Even in boom times, Latin American growth has not matched the levels of Asia's best performers. This, they say, is because of structural impediments - such as monopolies, bureaucracy and inflexible labour markets - that governments have been unable or unwilling to remove. Even normally exemplary Chile retains a system of indexation that passes price rises straight into wages. This fed inflation last year. As for Brazil, the region's largest economy, Sebastian Ed-wards of the University of California Los Angeles says Mr Lula da Silva is lavished with praise simply for "not being Chávez".
If any country has built credibility, it is Chile. Santiago has run fiscal surpluses equivalent to 6-7 per cent of GDP over the last three years and now has room for public spending to increase. Chile is "in a much better position than other nations, and than Chile itself in previous episodes, to face this period of turbulence", says Andrés Velasco, finance minister.
Chile and Brazil both have tools not available to some industrial countries. They have been able to direct credit to the private sector through state-owned banks. Brazil's central bank was also able to liberate billions of reals in compulsory reserves to ease liquidity problems of small and medium-sized banks.
Yet if the crisis persists, such marginal extra room for manoeuvre will count for little. Even Brazil, with headline foreign exchange reserves of more than $200bn, could be troubled if the halt to credit continues long into the year.

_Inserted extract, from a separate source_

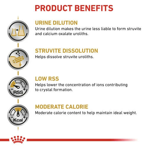 Royal Canin Veterinary Diets Urinary SO Moderate Calorie Cat Food is a complete dietetic feed for cats formulated to combat Idiopathic cystitis, Struvite urolithiasis, Struvite and calcium oxalate urolithiasis whilst providing a controlled calorie intake.

A proportion of those reserves are already spoken for, tied up in forward currency and swaps deals, economists say - and more than one-quarter of Brazil's $600bn-plus public debt falls due in less than a year. Even though most of it is denominated in domestic rather than foreign currency, the prospect of foreign debt holders continuing to run for the exit is daunting.
Part of the problem, says Ricardo Hausmann of Harvard University, derives from US efforts to shake off the crisis. Washington is expected to issue trillions of dollars of debt to bail out its financial system, save its car industry and reflate its economy. But this means "people are unwilling to lend to almost anybody except for the US Treasury", causing "fairly well be-haved countries" such as Brazil, Colombia, Mexico and Peru to lose most of their access to external finance.
Guillermo Calvo of Columbia University says this shows the US "crowding out Latin America and other emerging markets". He and Mr Hausmann are among economists who estimate that $250bn is needed by the region's public sector this year just to pay off maturing debt and provide budget support.
Brazil, Colombia and Mexico have in recent weeks launched bond issues, suggesting that international markets are not completely closed to them. But it is not yet clear how significant that is If countries cannot raise the sums they need, governments could feel forced to adopt import restrictions, capital controls and, worse, beggar-thy-neighbour policies such as tariff increases and competitive devaluations that intensified the 1930s Depression.
To avoid this, the economists say, the IMF and the other public international financial institutions - now lending well below $100bn a year to all their government clients worldwide - should mobilise unprecedented resources. They urge the creation of a special fund that can purchase private and public securities in emerging economies without stigmatising borrowers in the way that traditional IMF programmes have in the past.
Latin American nations have often turned, unwillingly, to the IMF and its sister organisations to help resolve financial crises mostly of their own making. Yet though the region is likely to need the institutions again, this time to surmount a deep crisis whose origins lie far away, it is doubtful that the mechanisms or the resources are in place to do the job.